On our first night in Jerusalem, Kris was ill, so I went out to explore the old city on my own. Jerusalem is an odd place, and probably the most tension filled city we've been in. The divide between the factions is palpable, and the friction among Jews, Christians, and Muslims is both symbolized, and verbalized, by almost anyone you ask.
As I approached the Western Wall, the most sacred site of Judaism, which is right under the Dome of the Rock, which is one of the most sacred sites of Islam, the tension ramped up even more.
To get to the area of the Wall, you have to pass through a metal detector manned by Israeli soldiers. As I was walking towards the checkpoint, a Palestinian boy about 14 years old did the usual and unwelcome showing me the way and asking for money for doing so. I gave him five shekels, which is about a dollar.
When I came up the the detector, the young Israeli soldier, who looked about 18, said to me, “Don't give those dirty Arabs any money. Next time one asks you for money, give him a slug in the stomach.” I replied, “I'll leave that to you,” and went on.

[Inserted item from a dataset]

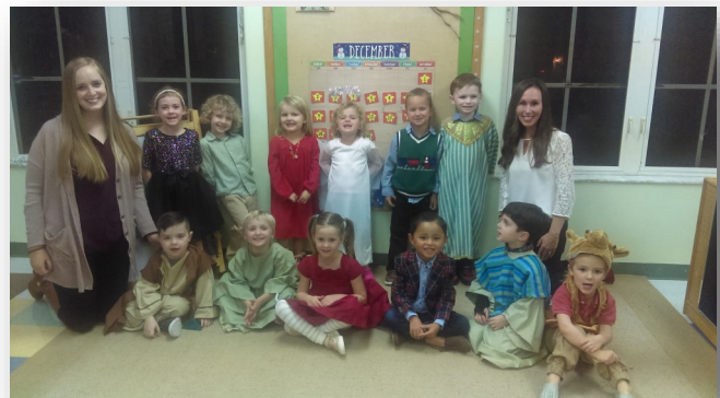
Christmas Pageant 2018

As I actually approached the Wall, an orthodox man approached me and quizzed me about my religious beliefs and proffered some literature, which I would diplomatically say was pro-Israel. He explained that Jews prayed at the Western Wall because it was as close as they could get to the site of the original temple, which was destroyed by the Romans in 70 CE. The temple site is now occupied by the Dome of the Rock and Al Aqsa mosques.
“We'd like to worship here in peace,” he said. “But those people above,” he said, pointing his chin at the Dome, “won't let us.”
“Maybe that day will come when all three religions who profess to believe in the same God will let Jerusalem live in peace,” I replied, not really believing that it will ever happen.